How do diffusion models enhance drug discovery, particularly in 3D structure prediction?

Diffusion models are proving to be a much more useful primitive for 3D structure prediction in drug discovery compared to earlier models like GANs. They allow for the iterative refinement of predicted structures, guided by physics-based feedback, leading to more accurate and generalizable molecular models essential for understanding protein-ligand interactions.

What is the Pearl model and what makes it unique for small molecule drug discovery?

Pearl is Genesis's structure prediction model that takes a protein sequence and ligand representation to predict their combined 3D structure. Its uniqueness lies in its focus on the vast search space of small molecules and its ability to go beyond mere pattern matching, creating generalizable models capable of extrapolating to unseen targets, partly by generating synthetic training data and incorporating physical priors.

Why is the one angstrom threshold critical for drug discovery AI models?
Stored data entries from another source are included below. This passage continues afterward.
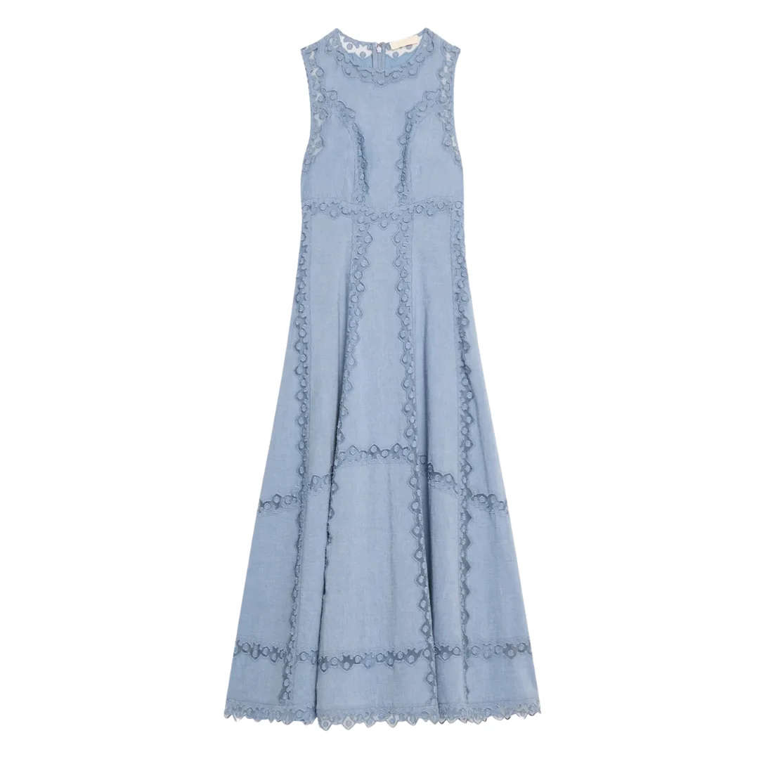 The Anela Dress is made from soft, water-washed cotton that’s enlivened by geometric ribbon embroidery and tulle appliques for a play on transparency. This timeless summer frock arrives in chambray blue, with a sleeveless silhouette that skims the form and a gently flared hemline. It is lined in the bodice and fastens with a concealed back zipper. Composition: 100% Cotton
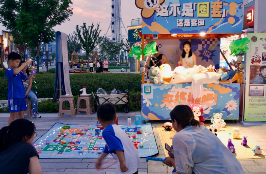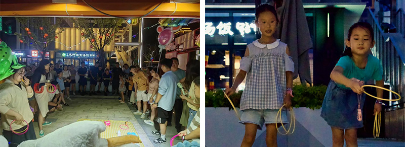 “差一點點就套中了啊!”在1號“這不是圈套(這是套圈)”攤位旁,小朋友們一邊“著急”,一邊分析戰(zhàn)術,比劃出圈角度、方向、力度,這讓攤位前傳來陣陣歡笑。套圈攤位前擺放著玩偶娃娃、蛙仔氣球、玩具盲盒、奧特曼卡牌、美味零食等豐富多彩的禮品,套圈是很多人童年的一大美好回憶,也是全齡段人群比較愛玩的游戲,喜歡的東西近在咫尺,一個圈圈瞄準扔過去,似乎馬上就可以收入囊中,那種投圈圈時的忐忑心情和想贏的強烈欲望交織在一起,運氣好投中了,發(fā)自內(nèi)心的成就感和輕松感讓人幸福到冒泡泡。
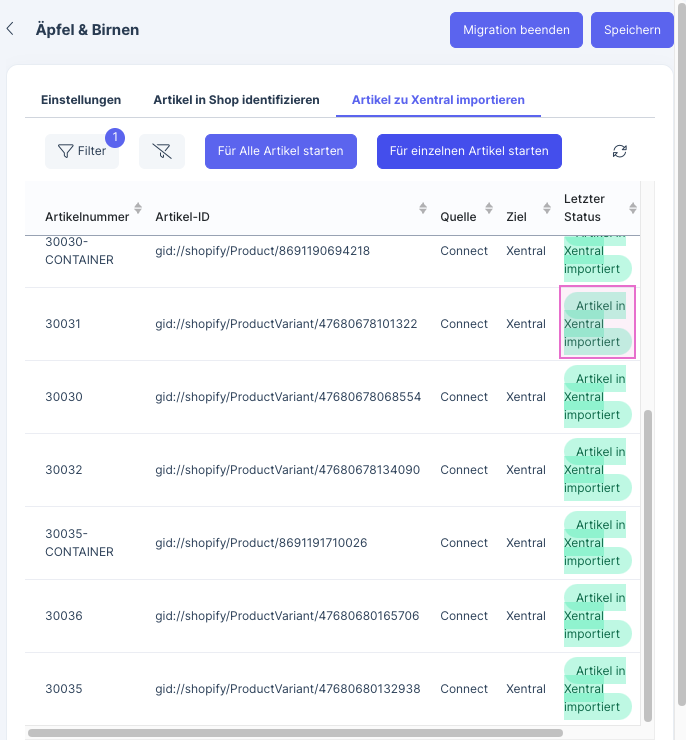Der Import beginnt unmittelbar durch Klicken auf Für Alle Artikel starten. Stelle vorher sicher, dass die Datenqualität stimmt.
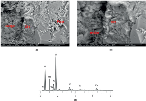 Figure 1 Images and elemental composition of the Berea. Quartz with some clay minerals (Kaolinite and lllite) Electron Microscopy Laboratory. Centro de Innovación y Tecnología, I.CP.
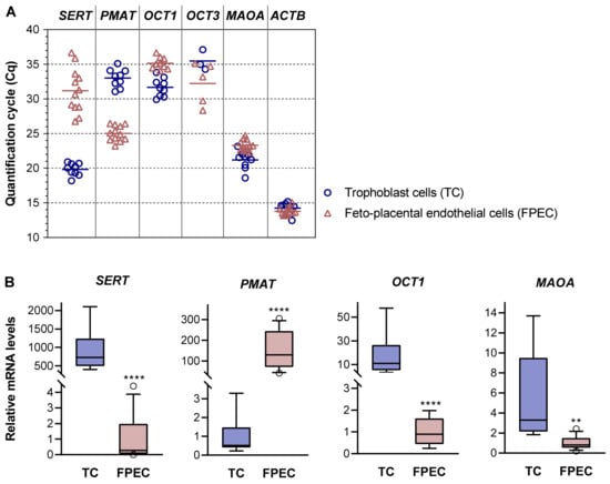 Expression of 5-HT regulating genes in primary placental cells. (A) Quantification cycle (Cq) values obtained by RT-qPCR analysis of serotonin transporter (SERT), plasma membrane monoamine transporter (PMAT), organic cation 1 (OCT1), organic cation 3 (OCT3), monoamine oxidase A (MAOA), and actin beta (ACTB) mRNAs in human primary trophoblasts (n = 9) and feto-placental endothelial cells (n = 12). A specific OCT1 signal was detected in 9 of the 12 feto-placental endothelial cell samples analyzed. A specific OCT2 signal was absent in all trophoblast and feto-placental endothelial cell isolations. A specific OCT3 signal was detected in 3 of 9 trophoblast and 5 of 12 feto-placental endothelial cell samples. For numerical results, see Table S2. (B) Relative expression levels of SERT, PMAT, OCT1, and MAOA mRNAs normalized to ACTB mRNA. For each gene, the mean of the cells with the lower expression level was arbitrarily set to 1.00. Data are presented as boxplots with whiskers indicating the 10th and 90th percentiles and circles showing individual values outside the whisker range (n = 9 for TC; n = 12 for FPEC, except for OCT1 where n = 9). ** p < 0.01, **** p < 0.0001 (t-test or Mann–Whitney test, as appropriate).
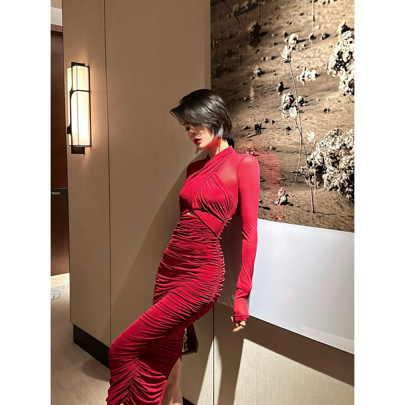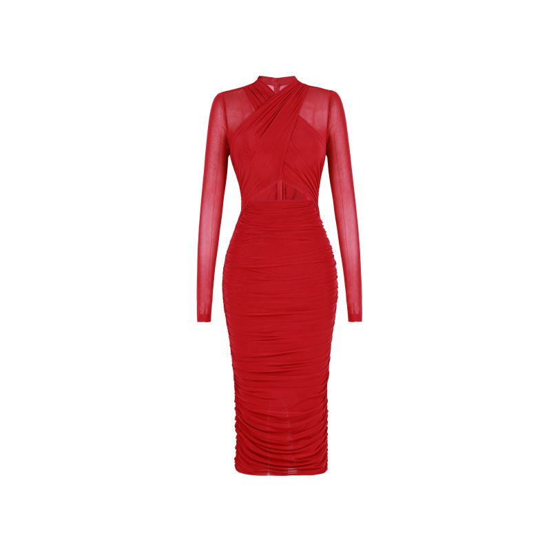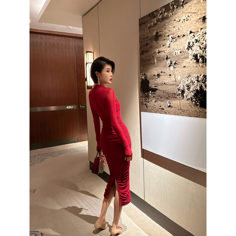 XULU原创秋季亲肤弹力韩国网纯色褶皱时尚气质修身长袖V领连衣裙

The one angstrom threshold is crucial for AI models because molecular interactions, especially hydrogen bonds, require extremely high resolution. Predictions above this accuracy, like two angstroms, can lead to fundamental errors (e.g., mispositioning an aromatic ring), making the structural hypothesis useless for medicinal chemists and leading to wrong downstream predictions.

How does Genesis address the challenge of data scarcity in drug discovery AI?

Genesis addresses data scarcity by generating synthetic data using physics-based modeling of small molecule behavior, allowing them to train better models where protein-to-protein interactions are too complex to model computationally. This approach is analogous to pre-training scaling in LLMs.

What is the role of 'agents' in Genesis Molecular AI's drug discovery platform?

Genesis is developing an agentic platform, code-named Sapphire, for automated 24/7 drug discovery. These agents, powered by LLMs, orchestrate various underlying AI models (for pose prediction, potency, ADMET) and make decisions based on predicted crystal structures, allowing medicinal chemists to focus on strategic direction rather than manual tool operation.

How does Genesis collaborate with pharmaceutical partners like Insights?

Genesis partners with pharma companies like Insights to provide AI services. They fine-tune their foundational models on partner data to accelerate drug development (e.g., reaching development candidates faster) and identify first-in-class chemical matter for challenging targets without known binders. This partnership involves rapid design-make-test-analyze cycles and continuous model retraining.

What are the limitations of robotic labs and automation in current drug discovery?

While automation can perform routine tasks quickly, current robotic labs struggle with the cutting-edge aspects of drug discovery. Synthesizing novel molecules, purifying them, and accurately characterizing them remains complex and labor-intensive. High-throughput screens also suffer from high false-positive rates due to the challenges of finding true outliers and broad chemical space exploration, making human expertise indispensable for complex research.

What is the biggest bottleneck faced by the AI drug discovery industry?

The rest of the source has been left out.